The bank is obligated to make payments of principal of and interest on the bonds upon maturity, acceleration and redemption, as well as purchase price for tendered bonds. The ratings will expire upon the earliest of: (a) Feb. 28, 2014, the initial stated expiration date of the LOCs, unless such date is extended; (b) conversion from the weekly rate mode; (c) any prior termination of the LOCs; and (d) defeasance of the bonds. The LOCs provide full and sufficient coverage of principal plus an amount equal to 52 days of interest at a maximum rate of 12% based on a year of 365 days and purchase price for tendered bonds, while in the weekly rate mode. The Remarketing Agent for the bonds is CitiBank. The bonds are expected to be delivered on or about March 2, 2011.
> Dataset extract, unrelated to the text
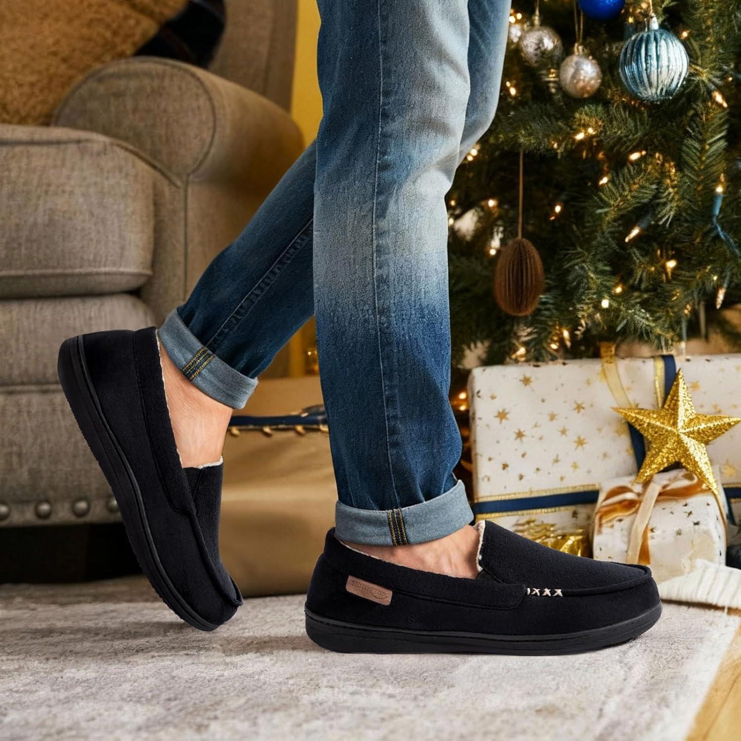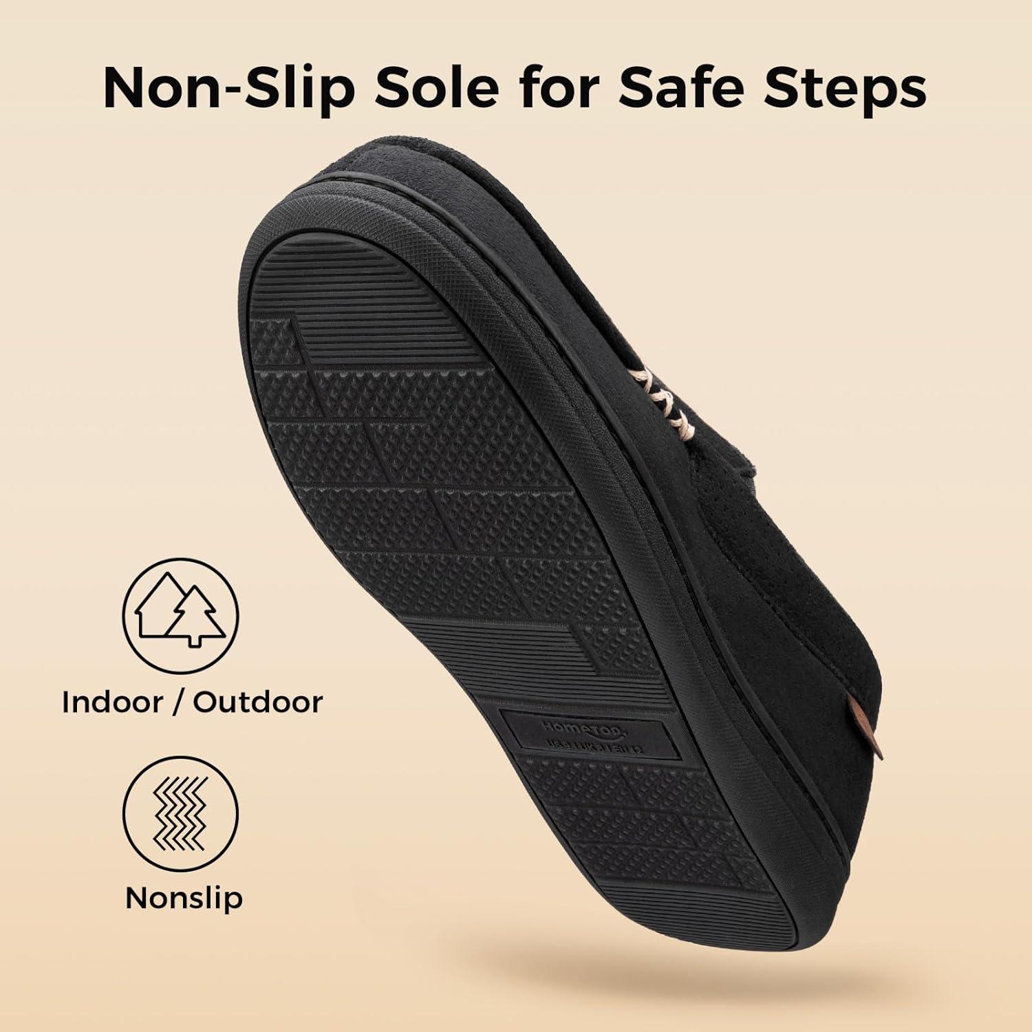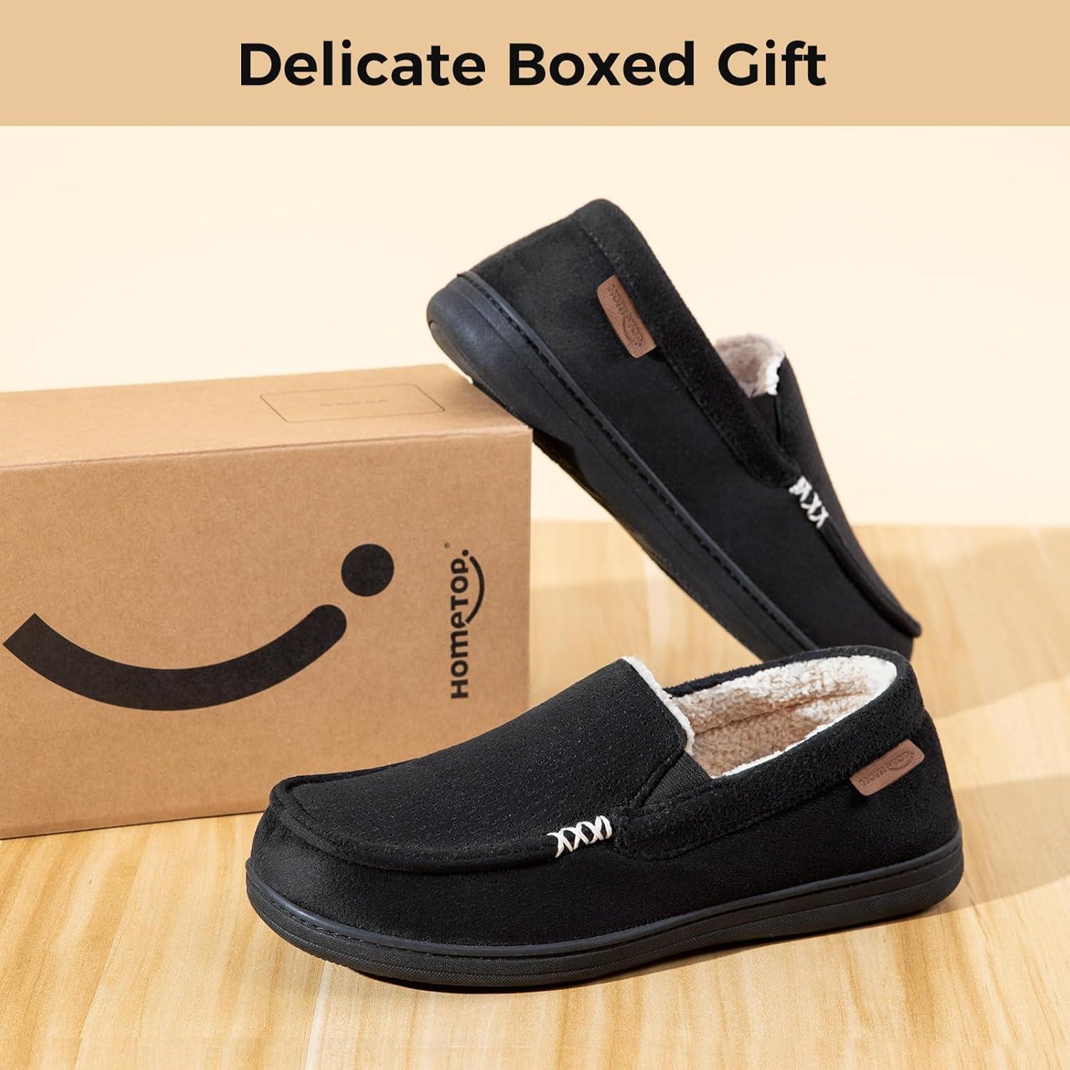 HomeTop Men’s Classic Moccasin Slippers Comfy Memory Foam Indoor House Shoes(Space Black)

The bonds will initially bear interest at a weekly rate, but may be converted to a daily or fixed rate. While bonds bear interest in the weekly rate mode, interest payments are on the first Wednesday of each month, commencing April 6, 2011. The trustee is obligated to make timely draws on the LOCs to pay principal, interest, and purchase price. Funds drawn under the LOCs are held uninvested and are free from any lien prior to that of the bondholders. Holders may tender their bonds on any business day, provided the trustee and remarketing agent are given the requisite prior notice of the purchase. The bonds are subject to mandatory tender: (1) upon conversion of the interest rate; (2) upon expiration, substitution or termination of the LOCs; (3) on the tenth day (or the preceding business day if such day is not a business day) following the trustees' receipt of written notice from the bank of an event of default under the reimbursement agreement, and (4) on the second day following the trustees' receipt of written notice from the bank that the interest component will not be reinstated directing such mandatory tender. The bonds may also be accelerated following trustee's receipt of notice of an event of default under the reimbursement agreement. Optional and mandatory redemption provisions also apply to the bonds. There are no provisions for the issuance of additional bonds.
The Series 2011B bond proceeds are being used to refund the 2006 bonds.
The Series 2011C bond proceeds are being used to finance the cost of certain capital expenditures to be incurred by the corporation for remodeling, constructing, acquiring and equipping of it inpatient, outpatient and administrative facilities.
Additional information is available at www.fitchratings.com.
Applicable Criteria and Related Research:
--'U.S. Municipal Structured Finance Rating Criteria', Aug. 16, 2010;
--'Rating Guidelines for Letter of Credit-Supported Bonds', April 29, 2009,
--'Dual-Party Pay Criteria for Long-Term Ratings on LOC-Supported U.S. Public Finance Bonds', June 11, 2009.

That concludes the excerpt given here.